Mehr als 20 Bahá’í-Häuser bei gewaltsamen Razzien gestürmt und mindestens 19 verhaftet

Berlin, 10. November 2022 – Bewaffnete iranische Sicherheitsbeamte haben in dieser Woche in den Städten Karaj und Hamedan die Wohnungen von mehr als 20 Bahá’í durchsucht und nach neuesten Informationen mindestens 19 von ihnen festgenommen. Viele der Bahá’í wurden bei den Razzien beschimpft und tätlich angegriffen. Die jüngsten Verhaftungen und Hausdurchsuchungen – bei denen auch fünf ältere Frauen belästigt wurden – bestätigen die zunehmenden Befürchtungen, dass die iranische Regierung noch härter gegen die verfolgte Bahá’í-Gemeinde im Iran vorgeht.

In Hamedan wurden Hausdurchsuchungen bei fünf älteren Frauen zwischen 70 und 90 Jahren durchgeführt. Eine von ihnen leidet an Alzheimer, eine andere wurde nach der Razzia notfallmäßig auf die Intensivstation gebracht. In einem anderen Fall brachen die Beamten die Wohnungstür einer 82-jährigen Frau auf, durchsuchten die Wohnung, zerschlugen ihr Hab und Gut und beschädigten die Wohnung in ihrer Abwesenheit. Die Ehemänner von zwei dieser Frauen gehörten zu den mehr als 200 Bahá’í, die von der iranischen Regierung nach der islamischen Revolution 1979 hingerichtet wurden.

Es liegen keine weiteren Informationen über die Anschuldigungen gegen diese Bahá’í vor und auch nicht darüber, wo sie festgehalten werden.

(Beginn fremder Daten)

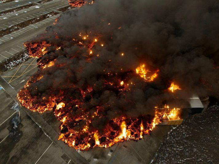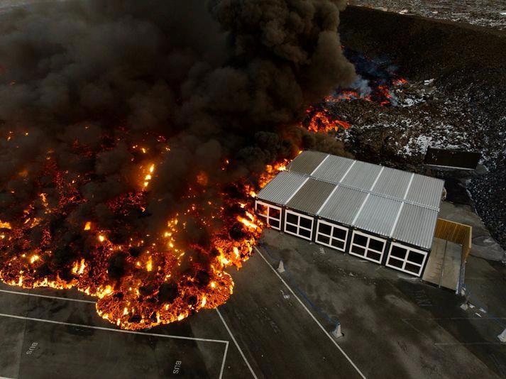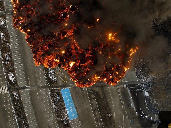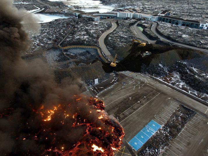 А ниже вид с дрона на Голубую Лагуну сегодня утром. Лава залила часть парковки, камеры хранения и уличные туалеты. Вроде бы самой Лагуне лава не угрожает, её окружают защитные сооружения из старой лавы, которые круглосуточно строят на полуострове с 1 января 2024 года по совету учёных-вулканологов.

Zehn weitere Bahá’í wurden letzten Monat in Isfahan verhaftet – ausschließlich Frauen. 26 weitere wurden zu insgesamt 126 Jahren Haft verurteilt. Insgesamt wurden seit letztem Monat mindestens 32 Personen in einer Reihe von Städten im ganzen Land inhaftiert.

„Mit jeder Woche, die vergeht, und mit jeder neuen Verhaftungswelle liefert uns die iranische Regierung neue Beweise für ihre Grausamkeit und ihre Absicht, die Bahá’í nur wegen ihres Glaubens zu verfolgen, selbst im fortgeschrittenen Alter“, sagt Jascha Noltenius, Beauftragter für Menschenrechtsfragen der Bahá’í-Gemeinde in Deutschland. „Die Durchsuchung der Häuser älterer und gebrechlicher Frauen, die ihre Ehemänner vor mehr als 40 Jahren durch dieselbe Regierung verloren haben, zeigt uns auch, dass alle Versuche der iranischen Behörden, ihr Handeln zu rechtfertigen, nichtig und falsch sind. Welche Bedrohung stellen kranke und alte Bahá’í für die iranische Regierung dar? Solche gnadenlosen Taten lassen sich nur mit religiösen Vorurteilen erklären.“

Die jüngste Verhaftungswelle in Hamadan, Karaj, Isfahan und Yazd sowie die fortgesetzte Verweigerung von Hochschulbildung, die Inhaftierung eines 90-jährigen Bahá’í-Mannes, der bereits 10 Jahre im Gefängnis verbracht hat, und die Verfolgung von 180 weiteren Personen fallen in den Kontext der weltweiten Kampagne #OurStoryIsOne, die im Juli 2023 zum Gedenken an die Hinrichtung von 10 Bahá’í-Frauen im Jahr 1983 und zur Unterstützung der allgemeinen iranischen Bemühungen um Gerechtigkeit und Gleichberechtigung gestartet wurde. Die Kampagne hat in der iranischen Gesellschaft innerhalb und außerhalb des Landes eine noch nie dagewesene Solidarität hervorgerufen.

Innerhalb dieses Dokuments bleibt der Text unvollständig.